Despite the enthusiasm for the complete performance, Browns fans need to not overreact.
After Manziel’s performance, many claim to have seen enough out of Manziel to feel comfortable with him as the quarterback going forward. In fact, many have taken that a step further to say that Manziel should have been the starter all along, or at the very least, since he took over for Josh McCown when the Browns beat the Tennessee Titans in Week 2.
That notion however is silly. The first time Manziel was able to make consistent plays in the pocket–something all successful NFL quarterbacks must do–was on the road against the Pittsburgh Steelers. That game was when Manziel won the job.
Unfortunately, poor decisions cost him the job momentarily, and the discipline for Manziel was just. That discipline proved that Pettine is at least attempting to establish a culture of accountability, which is something so many fans have longed to see.
Manziel has proven he has what it takes to be the quarterback on the field, but the jury is still out about whether he has what it takes to be the quarterback off the field. McCown has done wonders for Manziel’s maturation, but that perhaps is a story for another day.

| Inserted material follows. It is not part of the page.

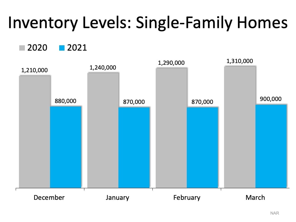 According to the National Association of Realtors® (NAR), today’s housing inventory sits at an incredibly low 2.1-month supply, far below the 6-month mark for a neutral market. Inventory of single-family homes a year ago was already very low, and as you can see in the graph below, this year’s levels are even lower: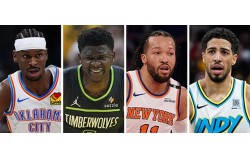 NBA 4강 주역들. 왼쪽부터 샤이 길저스-알렉산더(오클라호마시티 선더스), 앤서니 에드워즈(미네소타 팀버울브스), 제일런 브런슨(뉴욕 닉스), 타이리스 할리버튼(인디애나 페이서스). 오클라호마시티와 미네소타의 1차전은 21일, 뉴욕과 인디애나는 22일 붙는다. [AP…

The next three weeks (and the offseason that will follow) will say much more about the Browns than the 49ers game did. Before getting too excited about a wire-to-wire win, some context is necessary: of their four wins this year, only one of the 49ers’ victories was on the road.
There is still plenty to play for this season for the Browns. Manziel and the Browns have the opportunity to prove to themselves worthy to play on the same field as the NFL’s elite with games on the road against the Seattle Seahawks and Kansas City Chiefs and at home against the Steelers in Week 17.
Those three games will speak volumes more than a win over the lowly 49ers ever could.